Another mistake some men do is to see their-girlfriend or wife as their only main friend.

Friends and love partners are not the same things, and while people who are in love tell each other secrets and help themselves through difficult times, you should also make sure you have a support system of friends or relatives for those scenarios.

No one person can give us all that we need for social interactions. Having several right people in your life will also make the interaction with your love partner better. Also, try and understand whether you have exhibited excessive selfishness in your previous relationship and avoided taking her needs and expectations into consideration. Focus on what you can give to your new romantic partner and not just on what you can receive from her.

Don’t Give Your New Partner False Expectations

Some men are so eager to go back to dating after things didn’t work out with their previous partner, that they project a whole new persona to just “get a new girl”.

While this may sometimes be effective for random hook-ups and flings, if you’re looking to start a new, healthy long-term relationship, don’t give a woman the wrong idea about who you are.

This may soon cause problems and you risk facing relationship trouble again when you’re still not entirely over your previous break-up.
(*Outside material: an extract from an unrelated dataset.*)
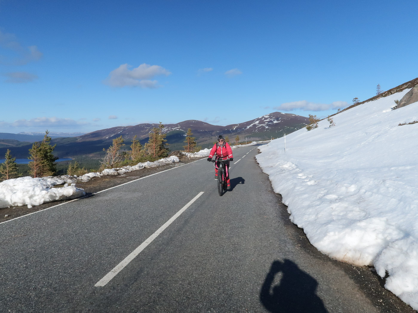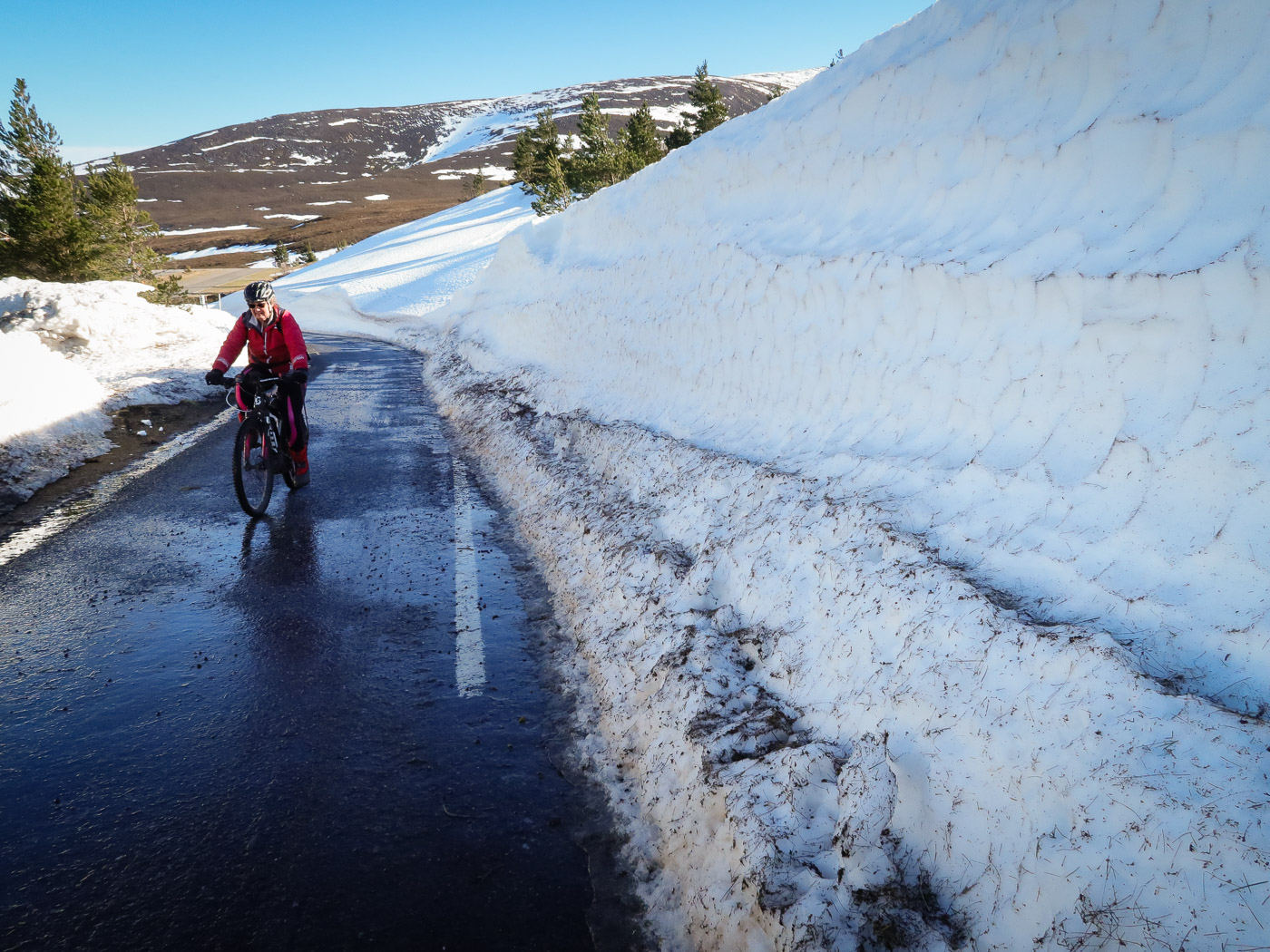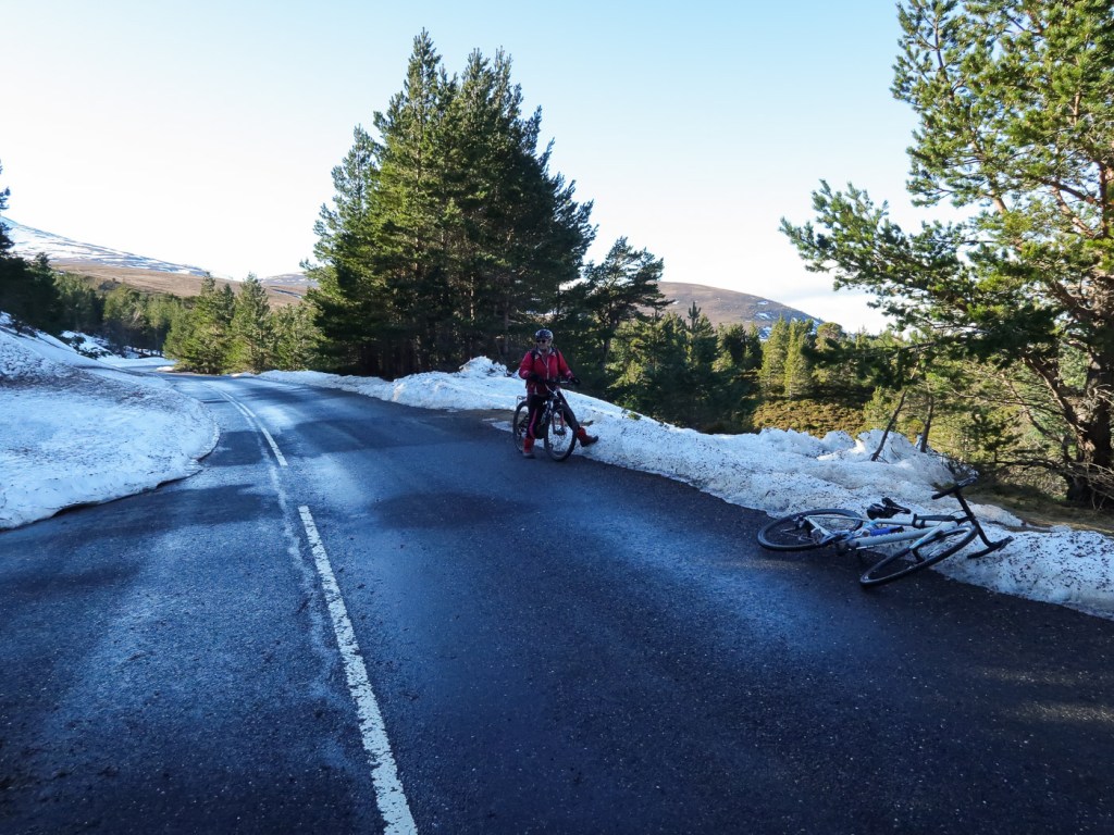 I rode up the hill with Anne to see what the snow was like…it was very icy! We passed a fair few folk coming down with skis on their backs and bikes as we were going up…and even more as we were coming down including Laura – Lis’ daughter. We rode round loch Morlich on the way back….still plenty of ice…foot still a bit sore.

Be sincere and genuine, which doesn’t mean that you don’t have to flirt or do something special with her. Do it within the limits of your true self and everyday behavior.

Relationships like this are those that start oh the best foot, because even though the initial weeks and months may feel very “regular”, you’re getting to know each other for real instead of getting to know a dating persona that will eventually disappear at one point during the relationship.

RELATED: What Do Women Look for in a Man?

Don’t Keep Dating a New Woman Just Because You Don’t Want to Feel Alone

This is another issue encountered in men after a long-term relationship (or even marriage) is over. Once they find a new dating partner, they cling on to her because the thought of being alone just scares them.

The choice of your new partner should not be defined by fear of loneliness but by whether that person is the right one for you.

If you see some red flags that you ignored during your previous relationship and eventually caused the two of you to break up after many years, don’t ignore them and act on them.

Tips for starting a new relationship

What you don’t want to do is to continue to be with your new partner because you have ignored signs that the relationship was going in a similar negative direction as the previous one. The more you stay with a new partner, the more your affection for her grows and the more painful it will be to break up from her.

If she is not the right one for you or if she has negative or toxic behaviors that end up creating too many negative issues in your life, is better to end the new relationship only after some months than dragging it out for years and years while reproducing the same, negative pattern that led to the former break-up.

This will allow you to avoid investing too much in a new person that is not right for you and find sooner someone you can build a healthy, positive and mutually beneficial relationship with.

Don’t Choose Your New Partner Based on Looks Alone

When you’ve just gotten out of a relationship and are looking for a new dating partner, you may be tempted to choose the woman with the better looks and overlook women that are interested in you and would be a perfect partner to rebuild your love life with.

It’s ok to have some random hookups with hot women, if you have the chance and if you’re doing it mostly for the fun and not to fill the emptiness left by your break-up. But when it comes to choosing the person that you’re going to date in the long-term and share an important part of your life with, the last thing you want is a woman who’s good-loving but doesn’t provide any value to your new life or may even bring trouble.

Of course, physical attraction is a fundamental part of a love relationship. Just avoid it being the one and only factor you consider. Dating a woman who’s less “hot” than your last hot fling, but that you still find attractive enough and that provides you with the emotions, feelings, and companionship that you need to rebuild your love life will always be the best choice if your goal is not simply “to sleep around”.